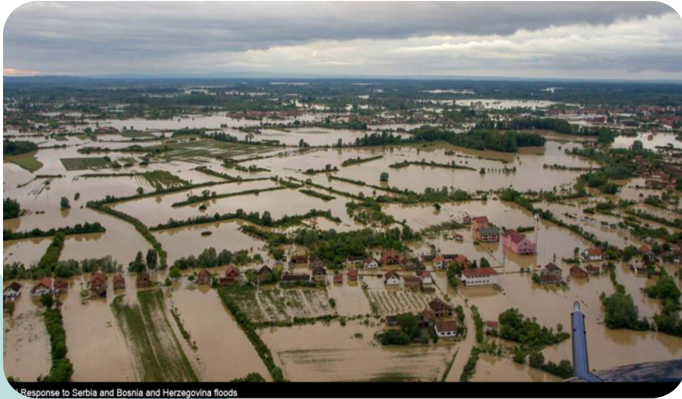
Response to Serbia and Bosnia and Herzegovina floods
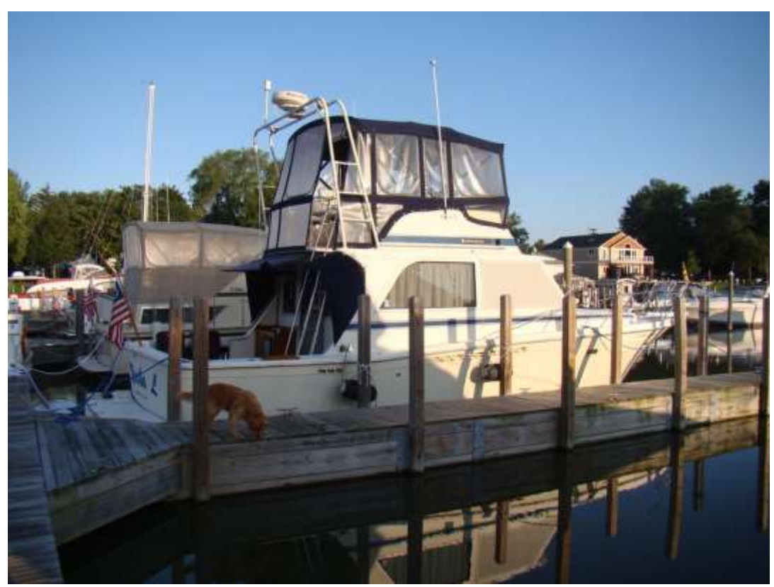
382 Commander 1985
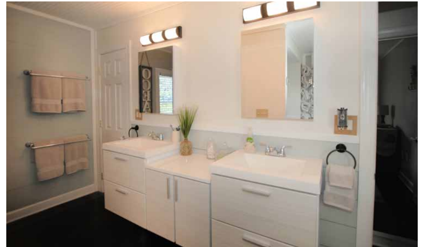
Second Floor Owner's Suite
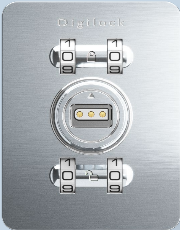
Mechanical Lock + Electronic Key
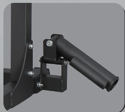
The Landmine Attachment Allows You To Use Your Barbell For Various Exercises That Targets Muscles In Your Back, Shoulder, Abdominals, Triceps, Biceps, Legs, And More.
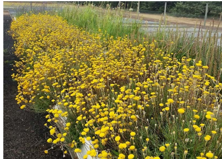
Image 3. The Woorndoo Project above-ground seed production area, November 2018.

In autumn 2018, Moyne Shire Council generously installed a light steel fence to define the restored grassland area and to separate it from the adjoining cropping (Image 5).
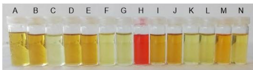
Figure 2: Nitrite ion selective detection test (NaNO 2 , reddish solution), against thirteen anions, using a formylindolizine in acidic medium. Salts: KCN, PhCO 2 K, KF, KCl, KBr, KI, KOAc, K 2 P 4 O 7 , K 3 PO 4 , KH 2 PO 4 , NaN 3 , K 2 S y NaHS. All concentrations are 10 -4 M.

The resulting products have shown high selectivity in the detection of nitrite ions compared to other thirteen anions in an acidic medium. The presence of the nitrite ion with this test is manifested in solution with the appearance of a coloration ranging from reddish, more or less intense, to pinkish, depending on the concentration of the nitrite ion, while the rest of the anions present a pale yellow colour or are colorless (see Figure 2).
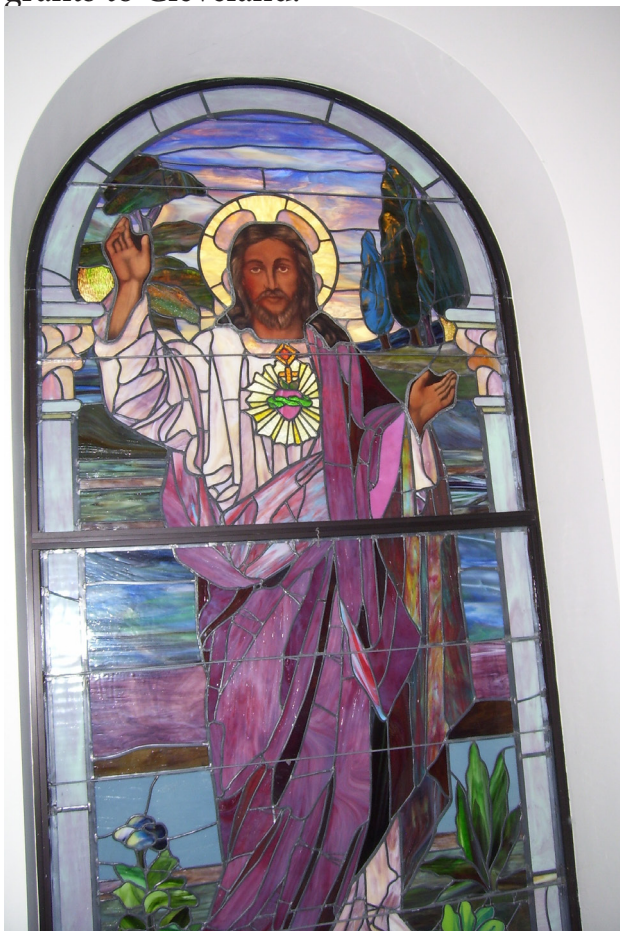
Sacred Heart of Jesus window at left

The two smaller windows, which once were on either side of the main altar at St. Josaphat's, are also beautifully restored. The Sacred Heart of Jesus window is in the Sacred Heart Chapel at the Lake Road entrance, and the Blessed Mother window can be found in the Sacristy. The windows are closer to the floor and therefore each detail can be easily seen. They bring to this modern new church some of the beauty of the old churches as new generations can appreciate these beautiful sacred artifacts so generously donated by the early immigrants to Cleveland.
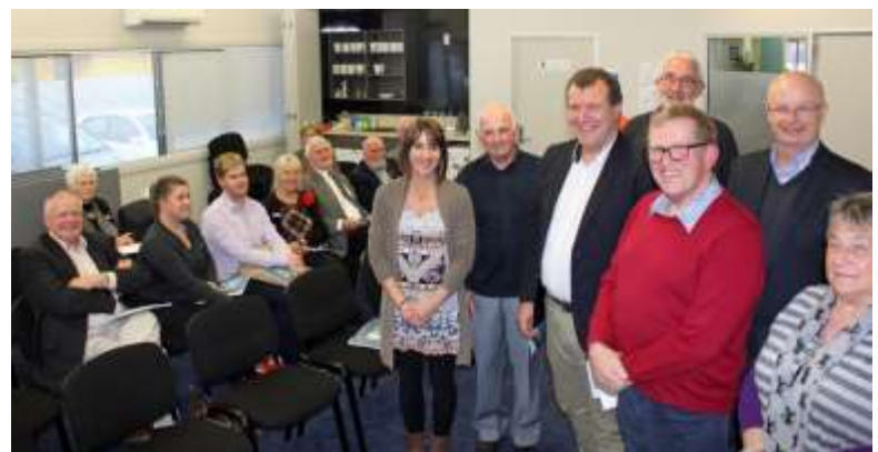
Community House Mid Canterbury celebrate the first AGM in their new premises
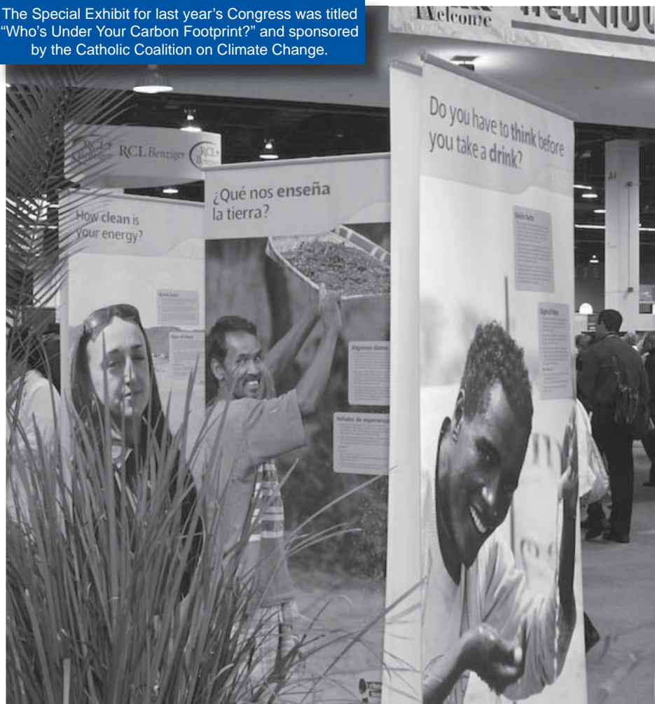
The Special Exhibit for last year's Congress was titled “Who's Under Your Carbon Footprint?” and sponsored by the Catholic Coalition on Climate Change.
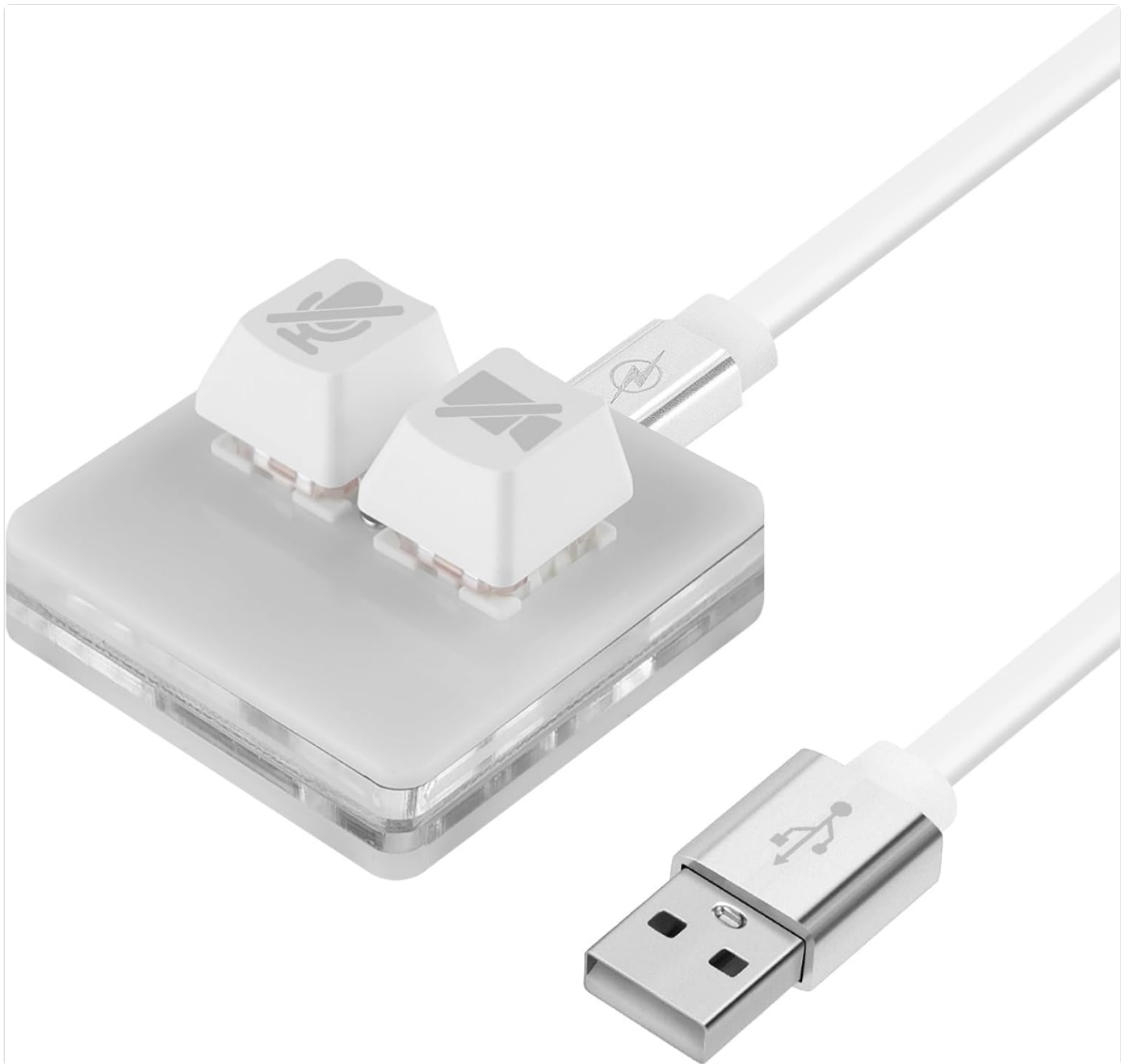
Image: The Linkidea USB Zoom Meeting Button in white, shown with its included USB-A connection cable. The button unit features two distinct keys for control.
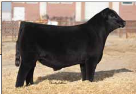
Silveiras Style 9303, sire of Lot 10B embryos

Lot 10A One of the breed's leading herds in the country is P Bar S Ranch. They purchased a flush on the elite donor MAGS Uahuka from Edwards Limousin in Missouri. She is the 2009 All American Futurity grand champion female and the 2010 Denver National grand champion female. She has continued her prominence by and elite donor in producing excellence. She is a daughter of the past Denver National champion bull and breed leader, DHVO Deuce and from the once national champion female Carrouseles Pina Colada. These heifer pregnancies are sired by MAGS Cable and Silveiras Style. Cable is the 50% Lim-Flex double homozygous son of MAGS Appleseed. He is the leading sire for Graven Land & Cattle and Magness Land & Cattle. Silveiras Style is a purebred Angus bull that has seemed to work wonders when mated to Limousin females. Either one of these heifer matings will work and we think very well for the new buyer. This is a highlight lot in selling a pick of these two matings from the heart of the embryo transplant program.
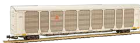
89' Tri-Level Closed Autorack Kansas City Southern • Rd#300148 Item#111 00 200...$44.95
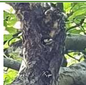
Greater Spotted Woodpecker seen peeping out of a cavity in a precious old apple tree.
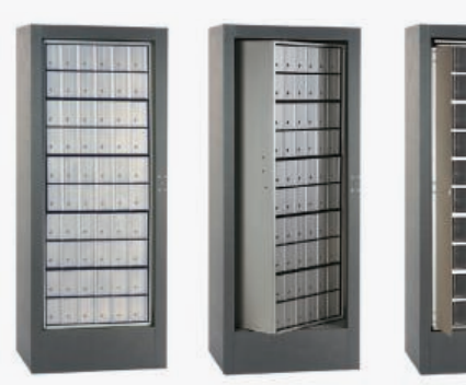
Inner cabinet rotates 180 degrees for mail distribution
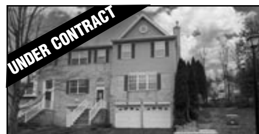
207 Tallwood Lane, Green Brook 2 Bed / 2.2 Bath / 2 Car Garage End-unit townhouse w/finished basement
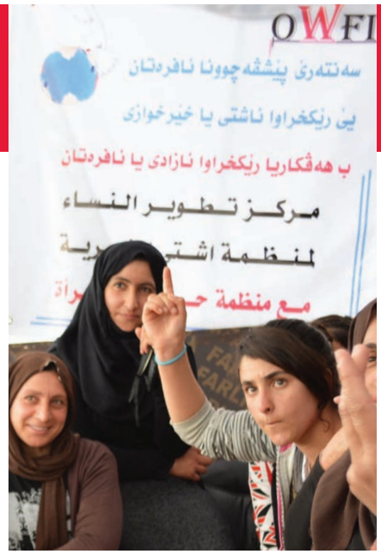
Women from OWFI gather to meet and ask visiting MADRE staff questions.

One staff member said, "Despite all my years of doing this work, I never thought of this simple exercise,
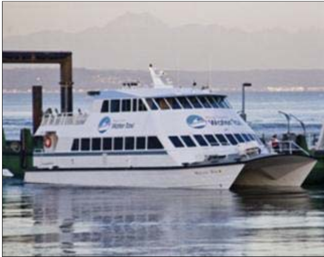
The Melissa Ann is the foot ferry that serves the Vashon-downtown Seattle route.
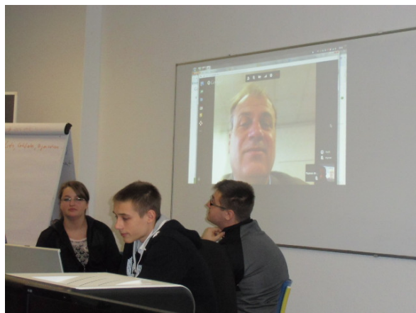
Polish students show ‚Google Hangouts‘
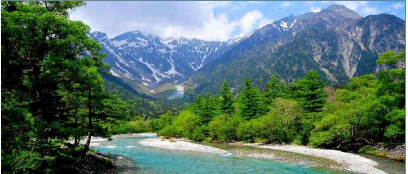
amikouchi area in Nagano prefecture
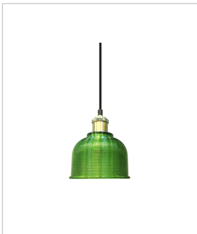
VT-7150 GLASS PENDANT LIGHT-GREEN 150CM
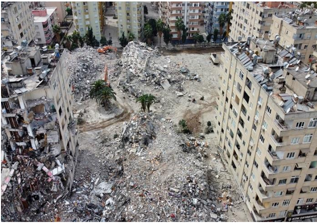
Figure 2: Image of Osmaniye Province 6 February Earthquakes (URL_3).

Figure 2 shows the earthquake-affected view of the site, which consists of 14 blocks and 9 floors, all with closed exits, located on island 2955, parcel 1, in Adnan Menderes District, Adnan Menderes District, Osmaniye Province. In case of a closed exit along with many different factors mentioned above, it is necessary to consider the earthquake effect as a whole. Therefore, if the buildings had been designed and built with a frame system that met the load-bearing system requirements from the ground up, rather than with a closed cantilever, they would have been less affected. Of course, for this purpose, a detailed scan should be made and the existing building data should be processed into the computer environment, earthquake performance analysis should be carried out in the same structure without a closed exit and the results should be compared. Only in this way can
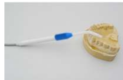
Relation of proportions
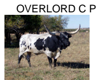
OVERLORD C P
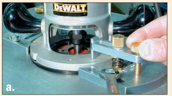
A unique, quick-clamp mechanism on the Veritas router table lets you mount or remove the router in seconds.

Veritas router table. Underneath the table is a unique clamping mechanism that lets you mount the router (or remove it from the table) in a matter of seconds ( Photo a. below). And don't worry if you have a router with an irregular-shaped base. This quick-change clamp can be adjusted to fit any router base.
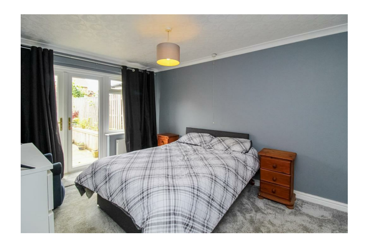
BEDROOM TWO 10'8" x 8'7" [3.26m x 2.63m]

UPVC double glazed window and French doors to the rear, radiator, coving to the ceiling and built in double wardrobe.

* WORK ORDER *
Please output the listing above exactly from its first line through the line with "In autumn 2018, Moyne", both included, and nothing beyond that line. Omit pictures.

* SOLUTION FOR THIS TASK *
Response to Serbia and Bosnia and Herzegovina floods
382 Commander 1985
Second Floor Owner's Suite
Mechanical Lock + Electronic Key
The Landmine Attachment Allows You To Use Your Barbell For Various Exercises That Targets Muscles In Your Back, Shoulder, Abdominals, Triceps, Biceps, Legs, And More.
Image 3. The Woorndoo Project above-ground seed production area, November 2018.

In autumn 2018, Moyne Shire Council generously installed a light steel fence to define the restored grassland area and to separate it from the adjoining cropping (Image 5).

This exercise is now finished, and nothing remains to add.